What to work on:
Reproduce every line of the listing as written, apart from the pictures.

------ Given data ------

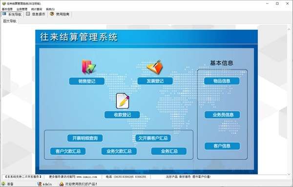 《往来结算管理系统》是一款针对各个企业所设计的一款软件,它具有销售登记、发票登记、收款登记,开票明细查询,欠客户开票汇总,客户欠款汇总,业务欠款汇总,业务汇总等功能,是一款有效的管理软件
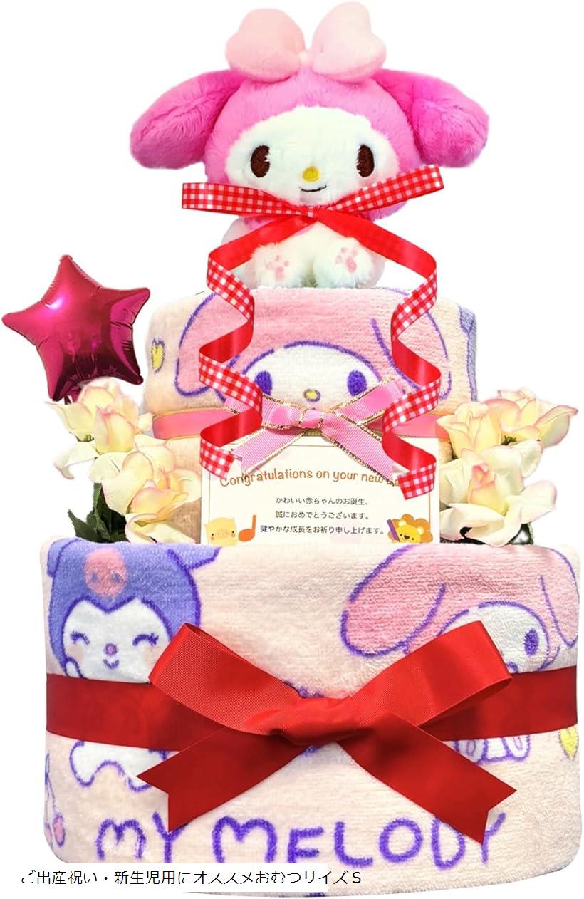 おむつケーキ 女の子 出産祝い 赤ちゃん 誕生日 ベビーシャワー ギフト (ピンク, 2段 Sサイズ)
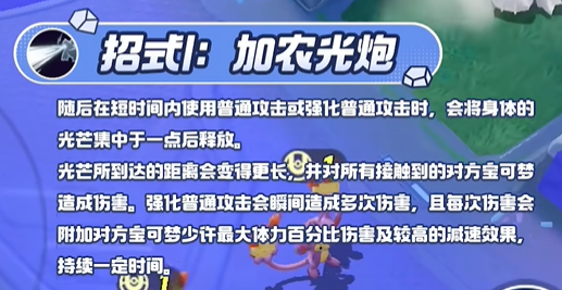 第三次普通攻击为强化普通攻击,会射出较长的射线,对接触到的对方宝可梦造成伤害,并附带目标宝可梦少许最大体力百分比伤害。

------

Result:
 《往来结算管理系统》是一款针对各个企业所设计的一款软件,它具有销售登记、发票登记、收款登记,开票明细查询,欠客户开票汇总,客户欠款汇总,业务欠款汇总,业务汇总等功能,是一款有效的管理软件
 おむつケーキ 女の子 出産祝い 赤ちゃん 誕生日 ベビーシャワー ギフト (ピンク, 2段 Sサイズ)
 第三次普通攻击为强化普通攻击,会射出较长的射线,对接触到的对方宝可梦造成伤害,并附带目标宝可梦少许最大体力百分比伤害。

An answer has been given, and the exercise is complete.